In the motorcycle-taxi market in most Sub-Saharan African countries, the relation between vehicle owner and driver is characterised by a principal-agent problem with the following features: the owner cannot observe the final output of the driver and therefore cannot condition a wage on it, and higher effort from the driver depreciates the motorcycle. These two feature simply that it is in the owner’s best interest that the driver exerts as little effort as possible while still leasing the motorcycle from him. The problem with low effort implementation is that the motorcycle will not generate enough revenue. I analyse the contractual arrangements between owners and the drivers in this market using survey data from four cities in Togo and Benin.
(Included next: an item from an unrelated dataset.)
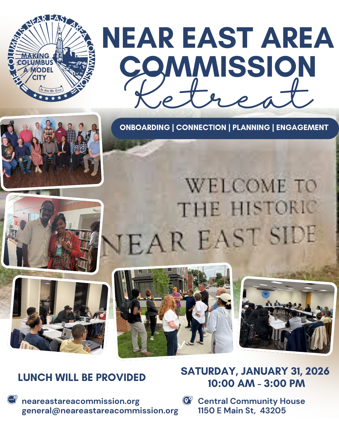 Join the Near East Area Commission for their Retreat on Saturday January 31 at 10AM at Central Community House (1150 East Main Street). More information at http://www.neareastareacommission.org.

Evidence suggests that the quest for trust through kinship between owner and driver may explain the prevalence of a contract that induces drivers to exert excessive effort, leading to adverse outcomes like traffic accidents.
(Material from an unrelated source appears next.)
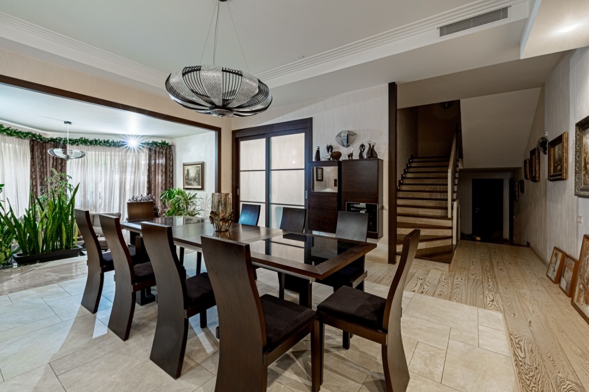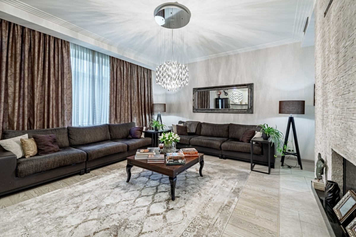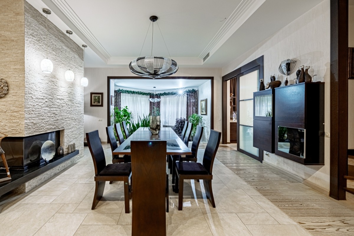 Просторная гостиная-столовая с камином на две стороны и с выходом в зимний сад.

That is Moussa Blimpo in a new cool paper in the Journal of African Economies.
One of the questions the paper addresses implicitly is whether trust necessarily leads to better development outcomes (you’ve seen those cross-country regressions with trust as an independent variable…)
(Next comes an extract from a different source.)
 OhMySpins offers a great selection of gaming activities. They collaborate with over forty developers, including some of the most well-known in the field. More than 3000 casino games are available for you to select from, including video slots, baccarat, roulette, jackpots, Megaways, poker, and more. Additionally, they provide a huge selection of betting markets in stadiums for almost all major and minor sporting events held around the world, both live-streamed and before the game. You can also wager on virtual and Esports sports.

……. in the presence of trust, people tend not to sign formal contracts that define residual rights and the actions to be taken in different expected situations. For example, if the owner and the driver are family members, they will be unlikely to draft a contract that caters to litigation, given that it is socially unacceptable to take a legal action against family.
What this means is that sub-optimal contracting and economic outcomes in developing countries may not be due to a general notion of lack of trust, but rather the lack of a specific kind of trust, let’s call it civic trust. This is the kind of trust that is infused with a healthy dose of skepticism and accompanied by explicit contracting under the shadow of credible enforcement by a third party, the state.